Assignment -
Retype the data exactly, skipping any picture in it.

Data below -

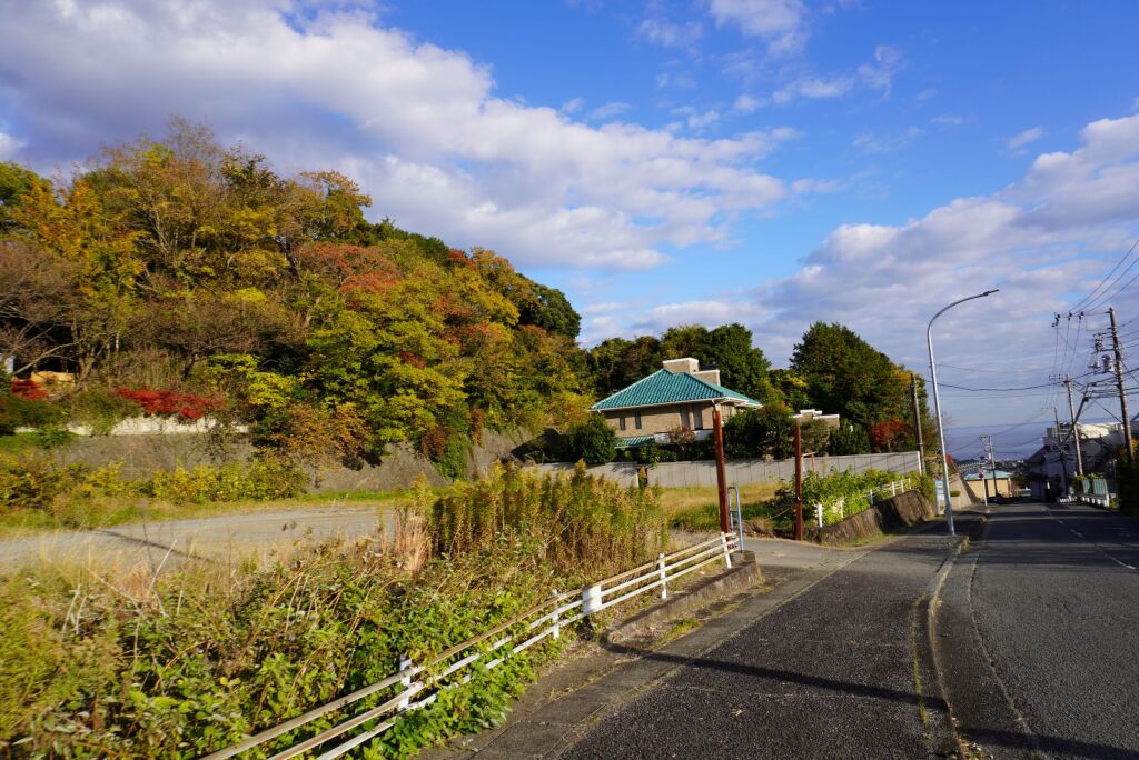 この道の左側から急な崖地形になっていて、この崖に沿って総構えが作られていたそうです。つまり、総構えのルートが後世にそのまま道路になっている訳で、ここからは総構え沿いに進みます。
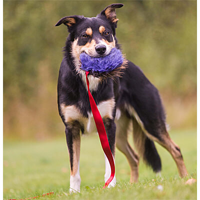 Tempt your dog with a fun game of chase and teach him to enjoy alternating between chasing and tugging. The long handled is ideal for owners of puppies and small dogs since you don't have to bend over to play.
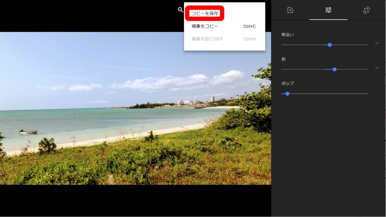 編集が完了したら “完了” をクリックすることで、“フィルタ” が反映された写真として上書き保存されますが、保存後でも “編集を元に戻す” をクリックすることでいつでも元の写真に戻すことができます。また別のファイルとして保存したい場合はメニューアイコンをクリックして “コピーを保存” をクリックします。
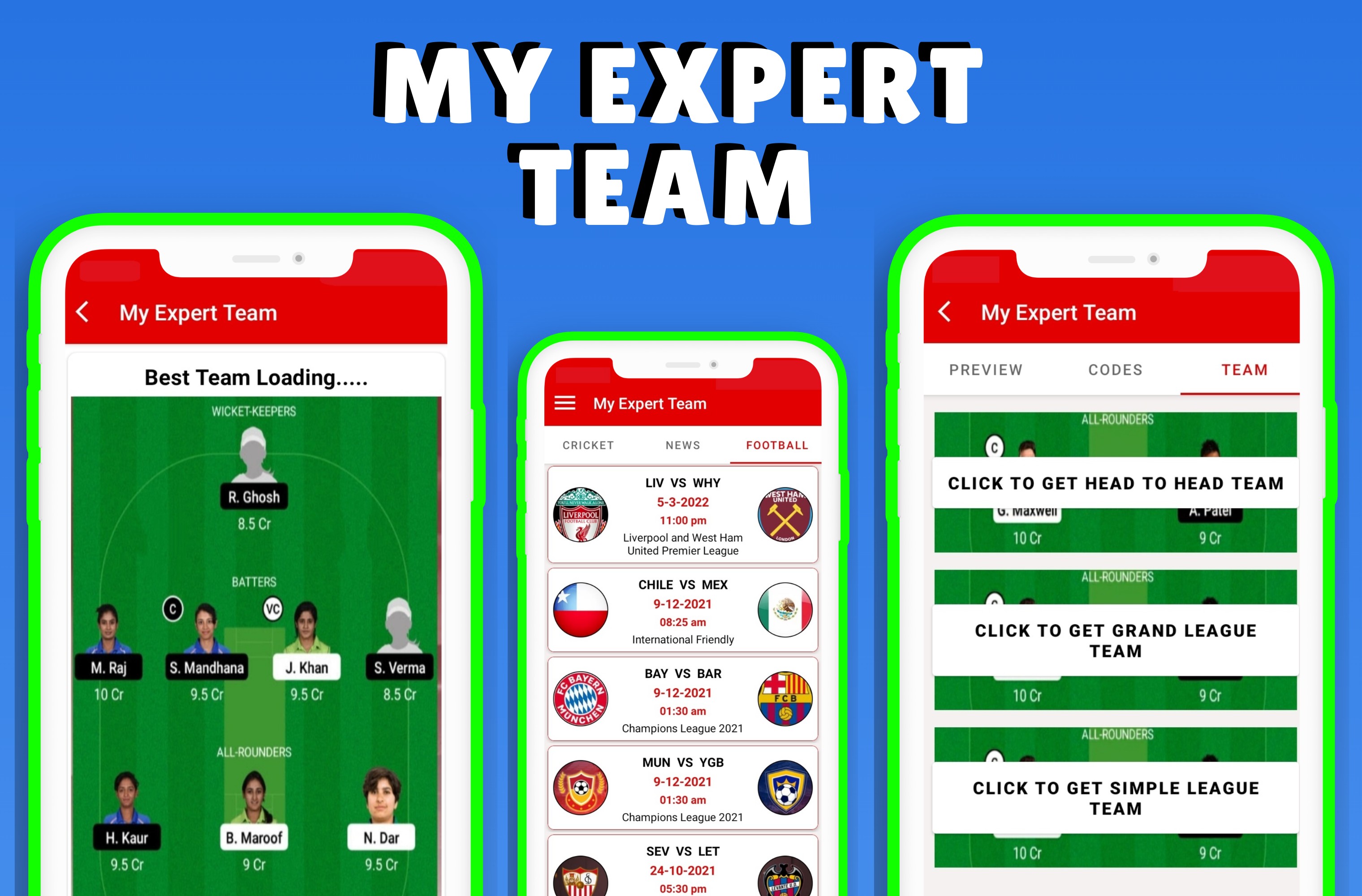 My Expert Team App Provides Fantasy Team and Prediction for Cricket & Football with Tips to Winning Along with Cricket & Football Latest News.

Response box -
 この道の左側から急な崖地形になっていて、この崖に沿って総構えが作られていたそうです。つまり、総構えのルートが後世にそのまま道路になっている訳で、ここからは総構え沿いに進みます。
 Tempt your dog with a fun game of chase and teach him to enjoy alternating between chasing and tugging. The long handled is ideal for owners of puppies and small dogs since you don't have to bend over to play.
 編集が完了したら “完了” をクリックすることで、“フィルタ” が反映された写真として上書き保存されますが、保存後でも “編集を元に戻す” をクリックすることでいつでも元の写真に戻すことができます。また別のファイルとして保存したい場合はメニューアイコンをクリックして “コピーを保存” をクリックします。
 My Expert Team App Provides Fantasy Team and Prediction for Cricket & Football with Tips to Winning Along with Cricket & Football Latest News.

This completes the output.